9. Het ondersteuningsplan wordt niet vastgesteld voordat over een
concept van het plan op overeenstemming gericht overleg heeft
plaatsgevonden met burgemeester en wethouders van de desbetreffende
gemeente of gemeenten en overleg heeft plaatsgevonden met het
samenwerkingsverband, bedoeld in artikel 17a, tweede lid, van de Wet op
het voortgezet onderwijs, waarvan het gebied geheel of gedeeltelijk
samenvalt met het gebied van het samenwerkingsverband. Het overleg met
burgemeester en wethouders vindt plaats overeenkomstig een procedure,
vastgesteld door het samenwerkingsverband en burgemeester en wethouders
van die gemeente of gemeenten.

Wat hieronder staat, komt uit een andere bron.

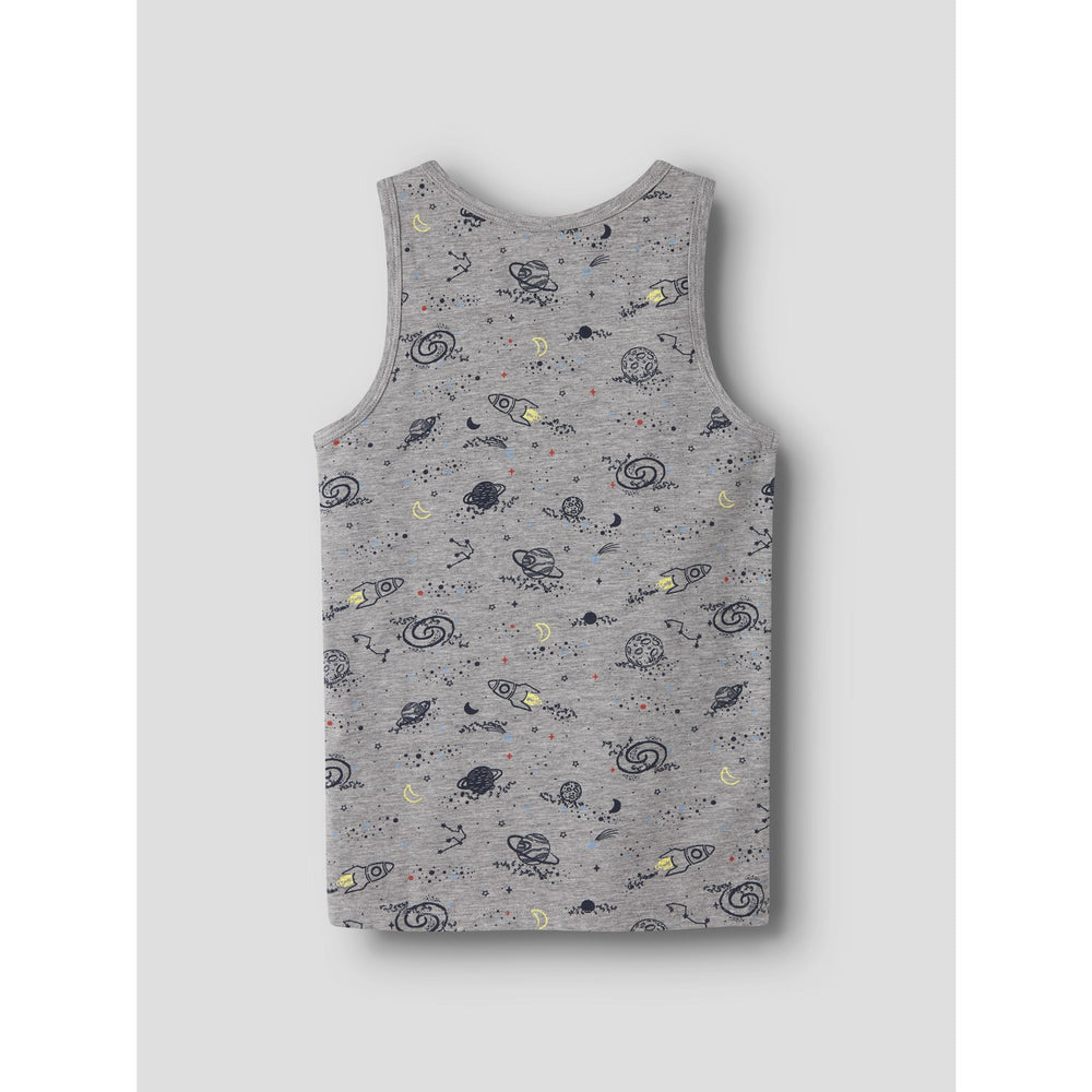Dress your little one in the Name It Grey Melange Nkmtank Top 2P Grey Space Noos, perfect for ensuring comfort and style. These tank tops, made from soft, stretchy jersey, are ideal for children who love to jump, run, and play. The grey melange pattern is not just stylish but practical, blending well with various outfit options. This two-pack set features a fun, repeated print across the fabric, adding a dash of charm to your child's everyday wear. Easy to care for and great for layering or wearing alone, these tank tops are a must-have in your child’s wardrobe for both comfort and functionality.

De procedure bevat een voorziening voor
het beslechten van geschillen. 

10. Het ondersteuningsplan wordt voor 1 mei voorafgaand aan het eerste
schooljaar van de periode waarop het plan betrekking heeft, toegezonden
aan de inspectie.

11. Het samenwerkingsverband draagt er zorg voor dat deskundigen in elk
geval het samenwerkingsverband adviseren over de toelaatbaarheid van
leerlingen tot het onderwijs aan een speciale school voor basisonderwijs
in het samenwerkingsverband of tot het speciaal onderwijs. Bij algemene
maatregel van bestuur worden nadere voorschriften gegeven met betrekking
tot de aard van de noodzakelijke deskundigheid.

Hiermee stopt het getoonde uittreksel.